Coube as mulheres o papel inaugural da análise de crianças


Nos anos 20 as mulheres já buscavam um lugar e um papel na sociedade que não fosse somente o de esposa e mãe. No movimento psicanalítico essa realidade também se sentia presente. “… realizavam-se inúmeros debates referentes a suas vidas e seu comportamento: feminilidade, maternidade, análise de crianças, sexualidade feminina”. (ROUDINESCO, E. ) p. 331.


Os estudos de medicina ainda eram reservados aos homens, ficando as mulheres mais com a função educativa. Era comum as mulheres serem analisadas pelos seus próprios maridos psicanalistas e/ou amigos dos mesmos.


As mulheres, discípulas ou pacientes de Freud, eram bem diferentes das mulheres de sua família. Vindas de diferentes lugares: inglesas, alemãs, austríacas, americanas e, na sua maioria, pertencentes a classes altas, porém com uma independência e um modo de vida conquistados, bem diferentes daquelas que foram pioneiras da primeira geração da WPV (Associação de Psicanálise de Viena).


Antes de 1920, com algumas exceções, as psicanalistas ficavam à sombra dos homens. Era, então, pode-se dizer assim um momento de virada, pois, desse período em diante, seriam as protagonistas do movimento psicanalítico.
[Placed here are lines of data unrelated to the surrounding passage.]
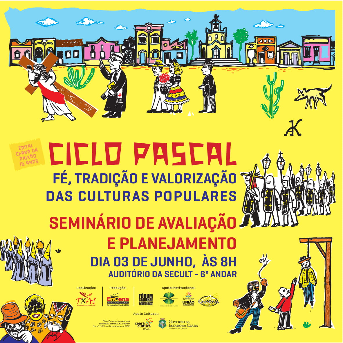 A Secretaria da Cultura do Estado do Ceará - Secult realiza, no dia 03 de junho, no local Auditório da SECULT 6º Andar, das 8h às 13h, o III Seminário de Avaliação e Planejamento Ceará da Paixão, com produção da Associação Txai Cultura e Arte - ATXAICA, entidade contemplada no XV Edital Ceará da Paixão 2019. A atividade se propõe a avaliar o Ciclo Pascal e traçar caminhos e diretrizes para o Ciclo de 2020.
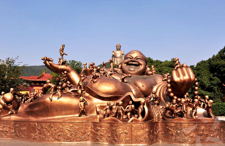 天下第一掌位于佛手廣場行道的左側,是按靈山大佛右手復制,且形狀大小完全一樣的銅質手掌,它的總高度為十一點七米,寬五點五米,手指直徑一米,總重量達十三噸,掌心的千輻輪,直徑達二米。天下第一掌是靈山大佛景區香火最旺的景點之一,當初設置這只巨掌,一是為了讓游客更直觀地感受八十八米靈山大佛的宏偉,另一方面是由于靈山大佛太高大,讓香客游客難以親近,所以將右手獨立,供大家瞻仰、撫摸,在靈山,有“摸佛手有福氣,摸佛腳有靈氣”的說法。這是因為這只右手的印上是“施無畏印”,佛教的說法是寓意除卻眾生痛苦,撫慰眾生心靈,佛掌心的千輻輪,是佛的三十二相之一,喻示***長轉的意思,佛手指之間,有膜相連,象水禽足趾的蹼一樣,稱為手足縵網相,也是佛的三十二相之一。
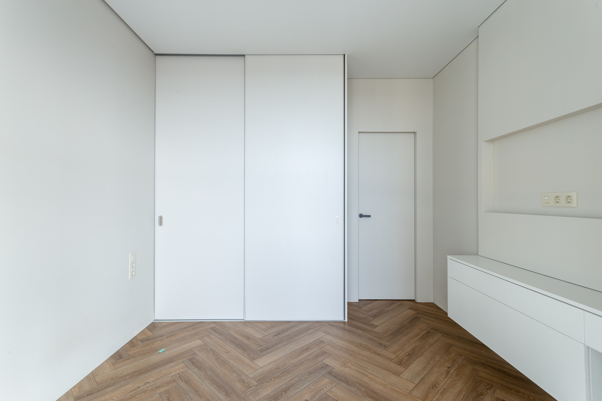 - В спальне: встроенный шкаф настенный радиатор, консоль с туалетным столиком
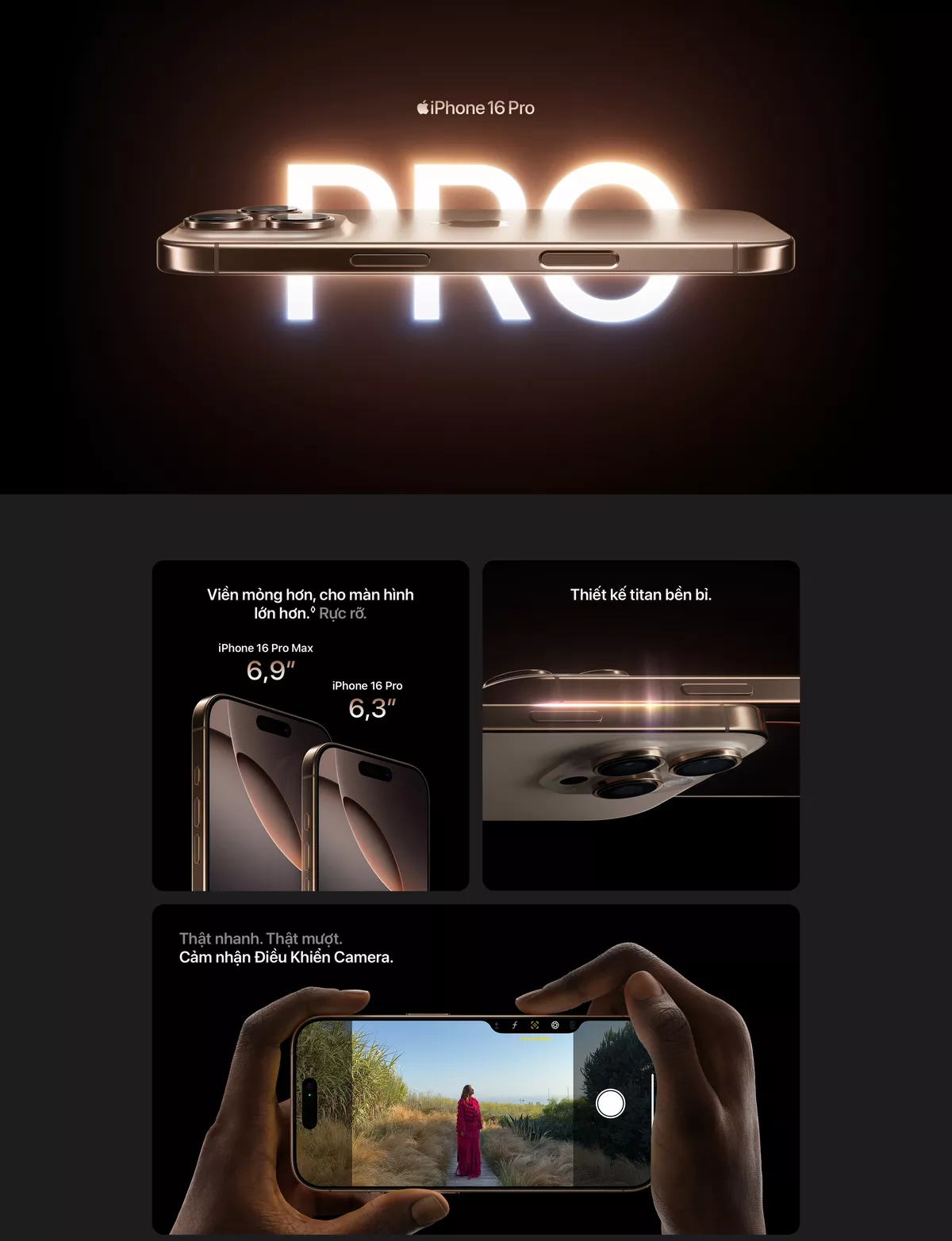 Cụm camera của iPhone 16 Pro Max được nâng cấp toàn diện với camera chính 48MP Fusion cho ảnh sắc nét, camera góc siêu rộng 48MP hỗ trợ chụp macro độc đáo và ống kính tele 5x 120mm với công nghệ chống rung dịch chuyển cảm biến, cho khả năng zoom xa cực kỳ rõ nét. Người dùng còn có thể quay video chuẩn điện ảnh với 4K Dolby Vision 120fps, micro chất lượng phòng thu và tính năng Camera Control giúp tùy chỉnh thông số nhanh chóng như trên máy ảnh chuyên nghiệp.
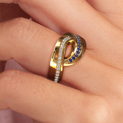 This exclusive gold Sharita ring is a true work of art! This ring is made of 14 Carat gold and is set with 1.2 mm round sapphire. The smallest ornaments are crafted by our goldsmith with a lot of patience and great passion. In order to create this ring with great precision, this craft requires a keen eye and a skilful hand. A challenge which ignites a fire in our expert goldsmiths. The exquisite sapphire are set in a way that their unique qualities are strengthened. This gives the ring an even more glamorous appearance. The ring is unique by itself though, because of the natural birthstones we selected especially for this Sharita ring. And by choosing the precious metal yourself, you create a unique ring. Our goldsmiths passionately create your customized ring to your liking with the utmost care. The gold ring, as shown here, can be customized using our online tool. Feel free to ask our jewel designers for assistance if you want changes made which are unavailable in our online tool. We are happy to answer your questions.After receiving your order, our goldsmiths will start the creative process of making your Sharita ring. We don't keep stock. This is advantageous because these costs will not be passed on to you. Therefore, we can offer jewellery at exceptionally low prices.To make it easier for you, we offer a 30 day return policy. Check our terms and conditions.

Roudinesco cita que “Se a maioria delas sofria de melancolia, tédio ou neuroses, em geral decorrentes de um contexto familiar ou conjugal conturbado, encontraram na psicanálise meios de ter uma profissão, engajar-se numa causa, transformar suas vidas ou, mais simplesmente, participar de uma aventura intelectual. Foi o caso, em especial, de Helene Deustch, Hilda Doolittle, Edith Jacobson, Ruth Mack-Brunswick, Dorothy Burlingham, Joan Riviere, Marianne Kris,(…). (p.349)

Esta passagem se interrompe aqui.